NOTE: for this problem set only, this is due on WEDNESDAY 9am, not THURSDAY 9am!
Problem 1: Setup
In this class, we’ll encounter a variety of technologies. This problem aims to help you navigate setting up some of those technologies.
part a: GitHub
We’ll use GitHub for collaboration and portfolio building, so each of you need to have a GitHub profile. If you don’t have a GitHub profile already, go to https://github.com/ and sign up for one. Once you’ve signed up for an account, please add it to the Google Sheet so that I can add you to the Reed-Data-Science organization. Note: you’ll need to be logged in to your Reed Google account to edit the Google Sheet.

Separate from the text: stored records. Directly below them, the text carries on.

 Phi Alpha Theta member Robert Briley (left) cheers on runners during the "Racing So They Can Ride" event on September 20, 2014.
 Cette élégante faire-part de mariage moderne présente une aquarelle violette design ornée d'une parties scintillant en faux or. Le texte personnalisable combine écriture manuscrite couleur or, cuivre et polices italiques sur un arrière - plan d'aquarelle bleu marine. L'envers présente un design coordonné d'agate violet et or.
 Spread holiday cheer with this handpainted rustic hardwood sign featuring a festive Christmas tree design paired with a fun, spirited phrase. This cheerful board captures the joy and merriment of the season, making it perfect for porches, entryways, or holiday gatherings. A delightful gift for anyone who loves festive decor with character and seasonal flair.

part b: R and RStudio (or Positron!)
We’ll use R and RStudio/Positron for computing in this class. R is a statistical programming language, while RStudio and Positron are Integrated Development Environments (IDEs) that allow you to run R, view files, view R code output, and much more! Reed has an RStudio Server where you can run R and RStudio in the cloud, but for this class I would recommend a local installation of both R and RStudio. Positron is a new IDE from Posit (the company that makes RStudio) you are welcomed and encouraged to try out Positron, although I may not be able to provide as good of problem solving for any issues related to your IDE if you use Positron. Positron seems to be the hot new thing, and I imagine in the next ~5 years we will see a steep decline of RStudio use in favor of Positron for R users and data scientists.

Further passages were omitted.